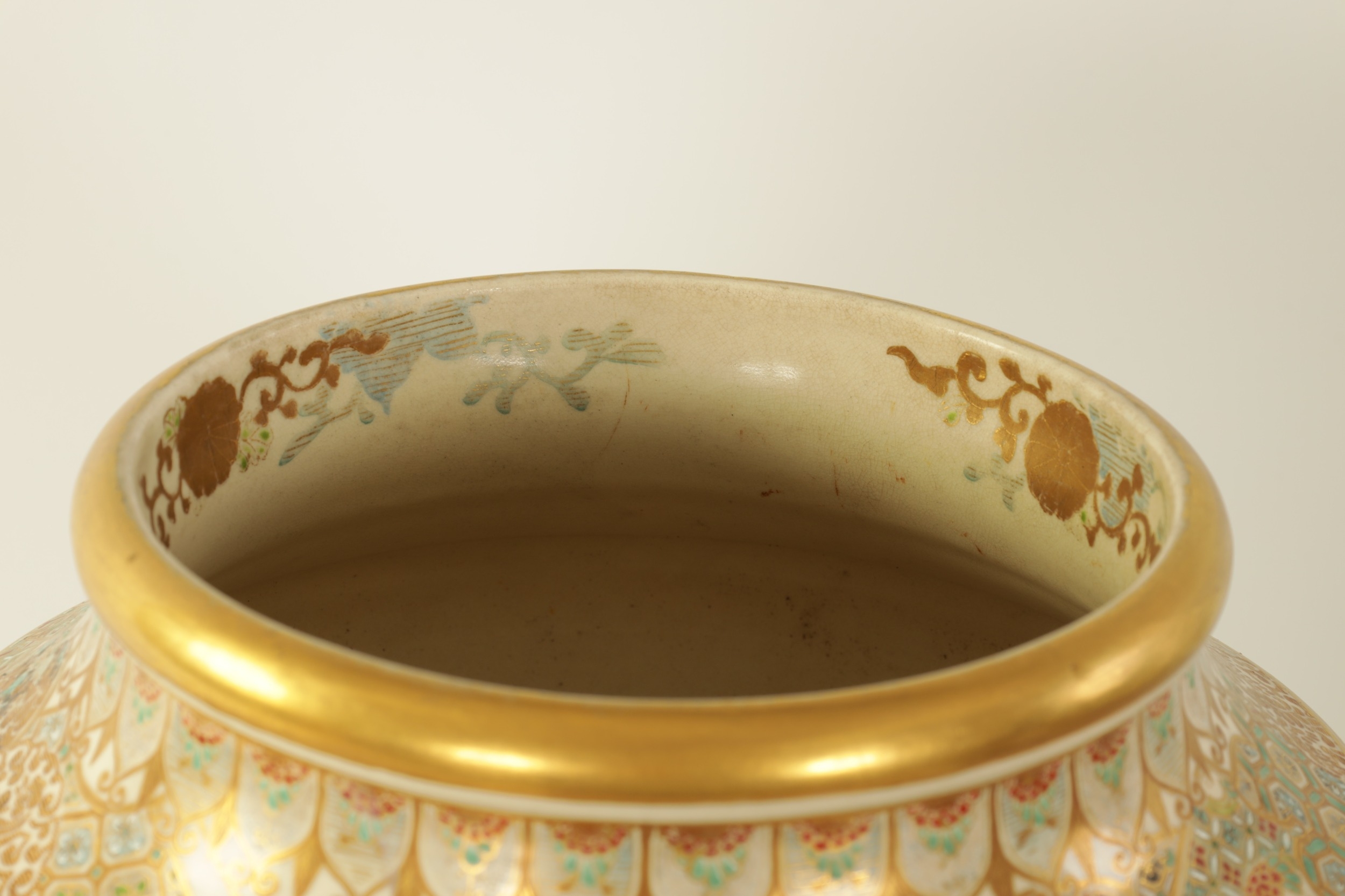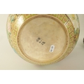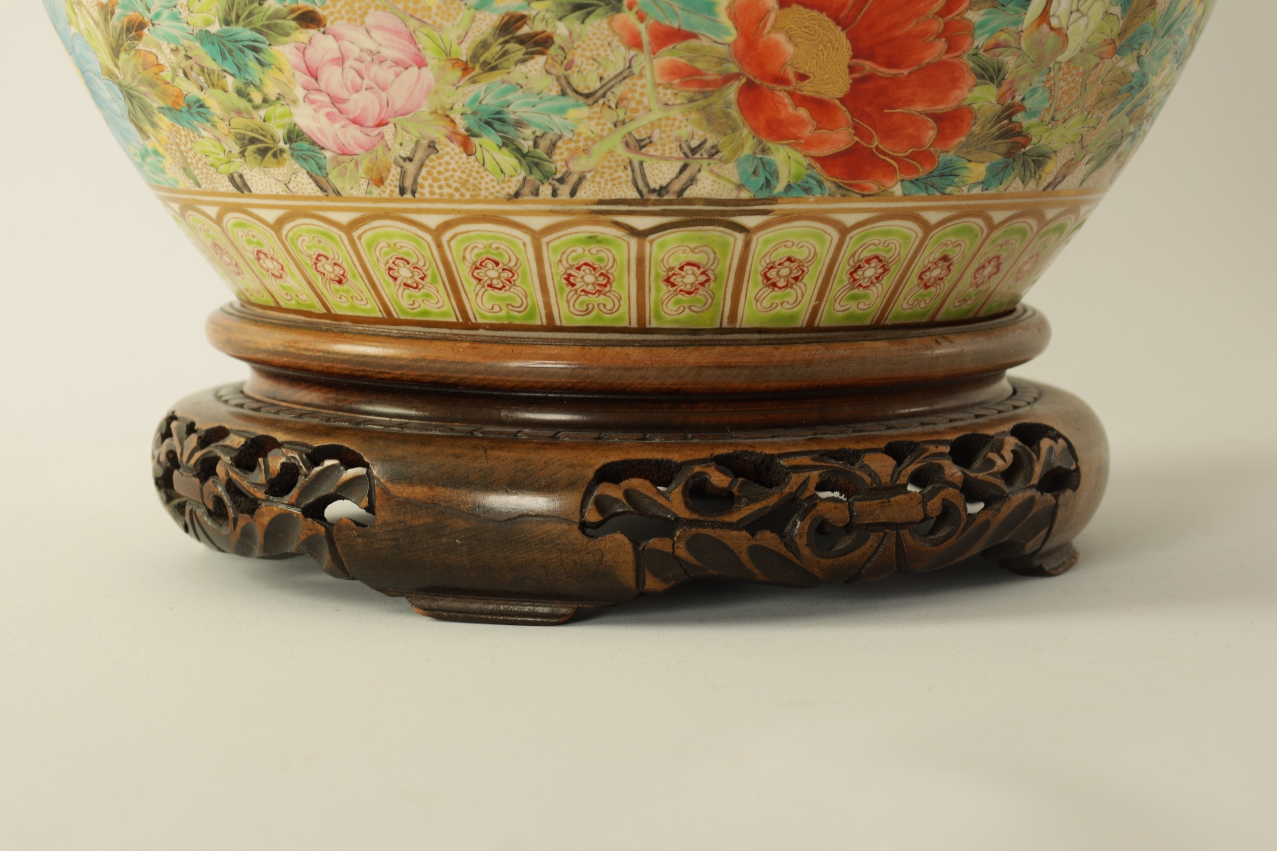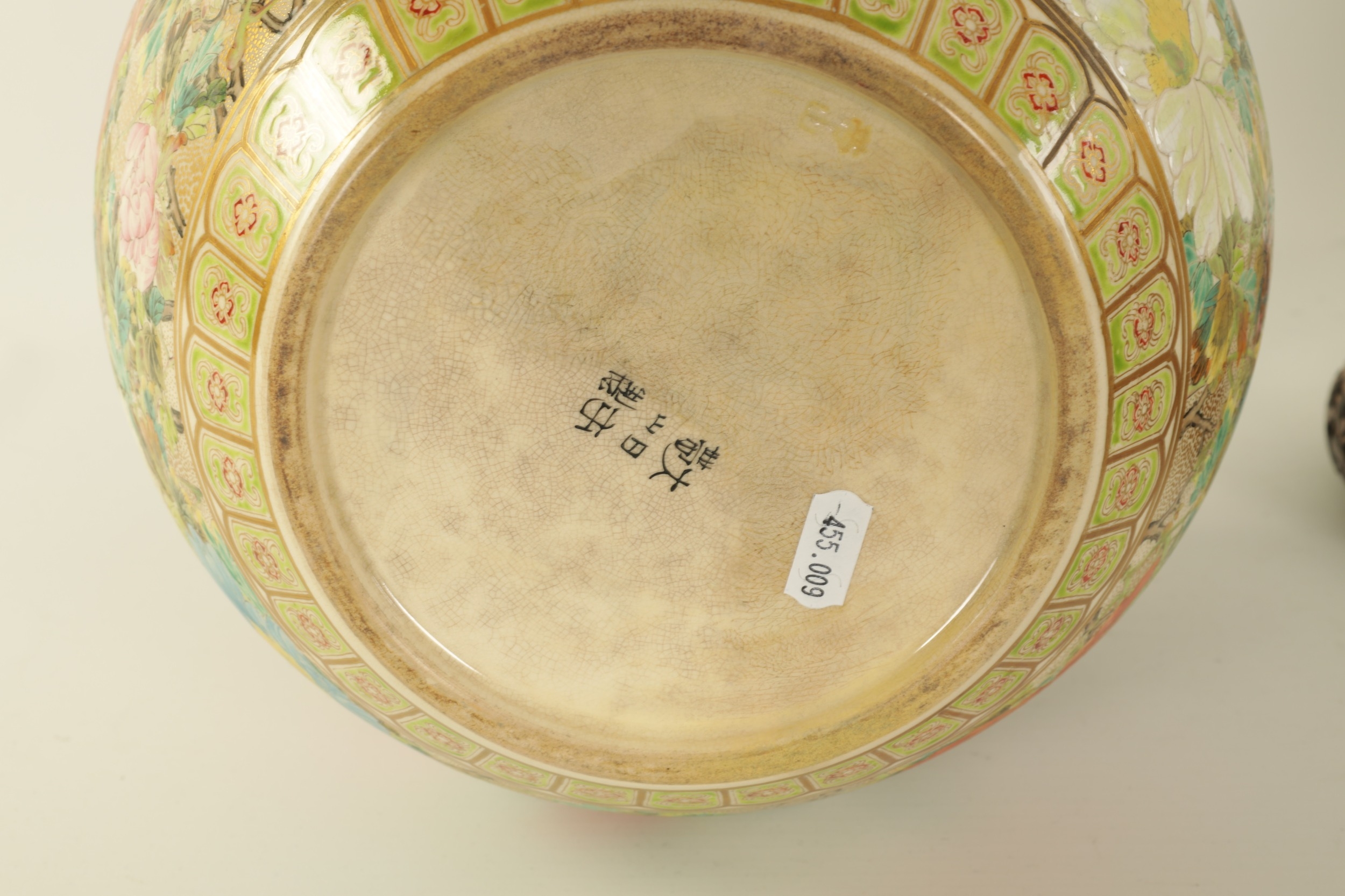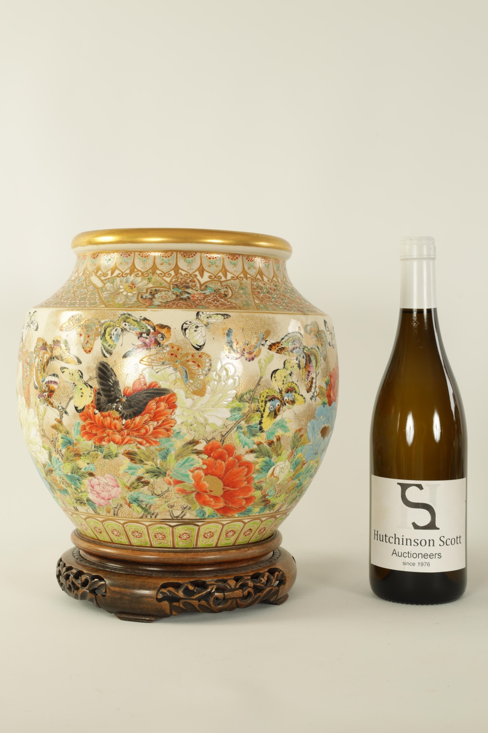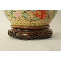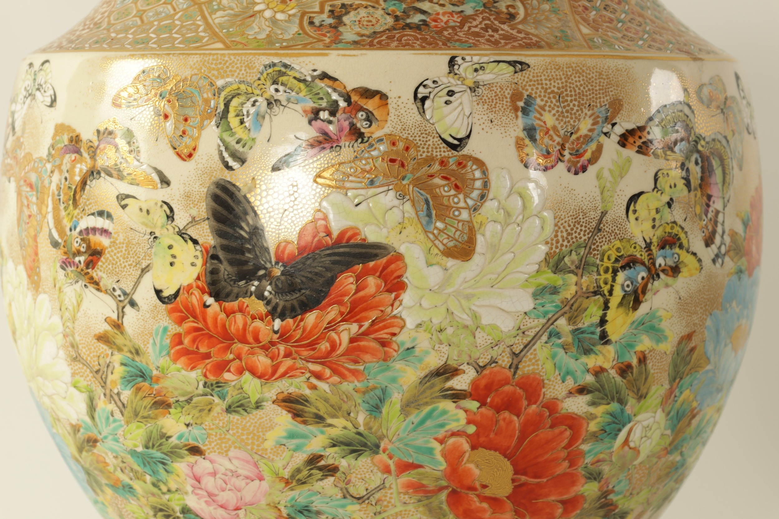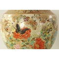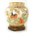A FINE JAPANESE MEIJI PERIOD SATSUMA VASE of bulbous form decorated with a continuous floral and butterfly body painted in vibrant enamel colours - signed beneath and on a hardwood stand. (the vase 25cm high 26cm diameter)
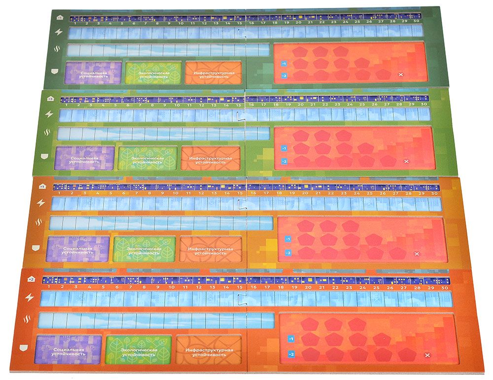 Ресурсы в игре представлены жетонами: углеродные блоки (которые нужно убирать), энергия, деньги и специальные фишки проектов. Игроки собирают их через базовые действия (производство, торговля, исследования) и тратят на амбициозные инициативы. Два кубика используются для случайных событий или генерации ресурсов, добавляя лёгкую вариативность без чрезмерной случайности.
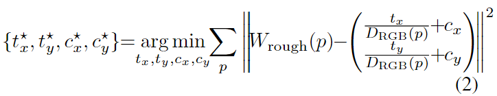 在第二阶段,我们通过使用轻量级融合 CNN 结合 ToF 传感器获得的深度图像来细化流。特别是,我们首先从ToF相机的角度扭曲深度图像,用DToF表示,到RGB相机DRGB的角度,即DRGB = DToF◦Wrough。对于弱校准模块,我们可以通过解决以下最小二乘问题,轻松地估计ToF振幅图像(初始校正后)和RGB图像之间的一组新的相机参数{t百科x, t百科y, c百科x, c百科y}
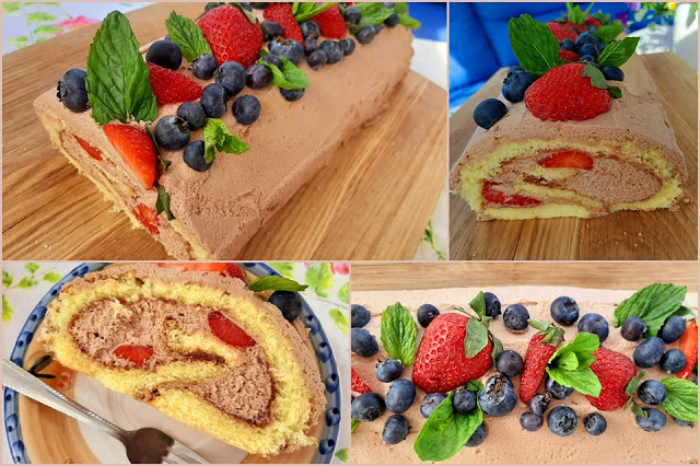 Pyszna mięciutka rolada z masą z bitej śmietany, mascarpone i nutelli, do…
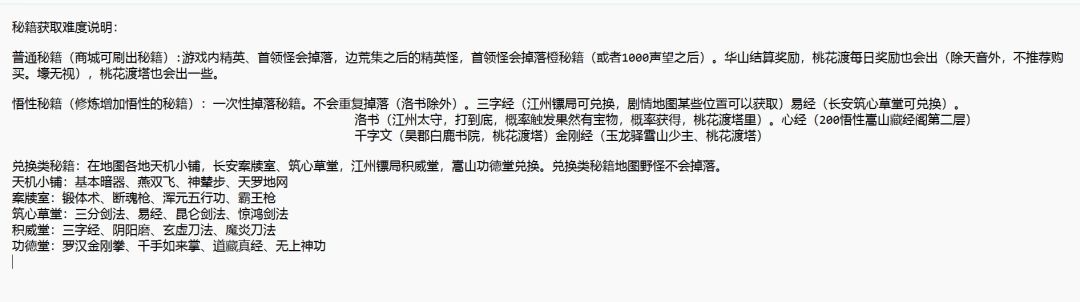 零氪新人最优开局,挂机江州驿第一个剧情怪,挂出同归剑法两本先不学(学了之后残章掉落清单等于多了一个,据说不利于掉整本秘籍,同归剑法是蓝色秘籍每次分解是三十残章),多余的同归剑法都分解成残章待用,一直挂够两人能够修至七重的残章,2*83=166个。同归剑法七重效果消耗50%血量换取同等伤害。这样猪脚和明月七重的同归剑法基本能保证输出,剩下的就是堆血,满足命中和破招。 三重突破需三残章 四重突破需十残
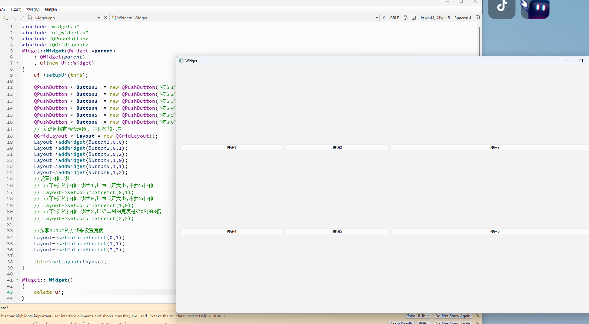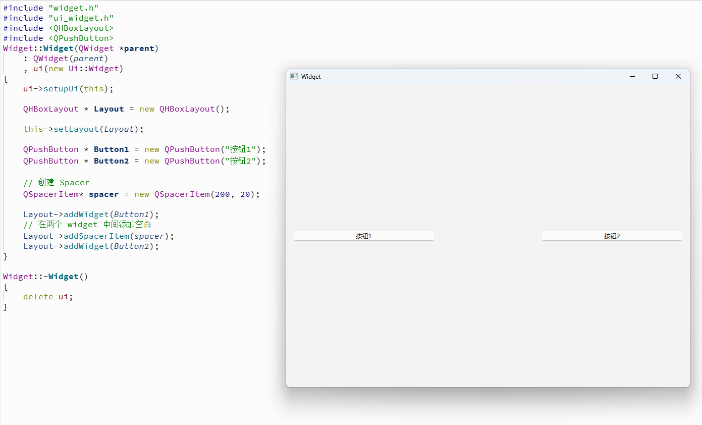 运行程序, 观察代码效果. 可以看到两个按钮之间已经存在了间隔了.调整 QSpacerItem 不同的尺寸, 即可看到不同的间距.

══════

> Try it: The records above are to be quoted exactly, with all pictures left out.

> Answer section:
A FINE JAPANESE MEIJI PERIOD SATSUMA VASE of bulbous form decorated with a continuous floral and butterfly body painted in vibrant enamel colours - signed beneath and on a hardwood stand. (the vase 25cm high 26cm diameter)
 Ресурсы в игре представлены жетонами: углеродные блоки (которые нужно убирать), энергия, деньги и специальные фишки проектов. Игроки собирают их через базовые действия (производство, торговля, исследования) и тратят на амбициозные инициативы. Два кубика используются для случайных событий или генерации ресурсов, добавляя лёгкую вариативность без чрезмерной случайности.
 在第二阶段,我们通过使用轻量级融合 CNN 结合 ToF 传感器获得的深度图像来细化流。特别是,我们首先从ToF相机的角度扭曲深度图像,用DToF表示,到RGB相机DRGB的角度,即DRGB = DToF◦Wrough。对于弱校准模块,我们可以通过解决以下最小二乘问题,轻松地估计ToF振幅图像(初始校正后)和RGB图像之间的一组新的相机参数{t百科x, t百科y, c百科x, c百科y}
 Pyszna mięciutka rolada z masą z bitej śmietany, mascarpone i nutelli, do…
 零氪新人最优开局,挂机江州驿第一个剧情怪,挂出同归剑法两本先不学(学了之后残章掉落清单等于多了一个,据说不利于掉整本秘籍,同归剑法是蓝色秘籍每次分解是三十残章),多余的同归剑法都分解成残章待用,一直挂够两人能够修至七重的残章,2*83=166个。同归剑法七重效果消耗50%血量换取同等伤害。这样猪脚和明月七重的同归剑法基本能保证输出,剩下的就是堆血,满足命中和破招。 三重突破需三残章 四重突破需十残
 运行程序, 观察代码效果. 可以看到两个按钮之间已经存在了间隔了.调整 QSpacerItem 不同的尺寸, 即可看到不同的间距.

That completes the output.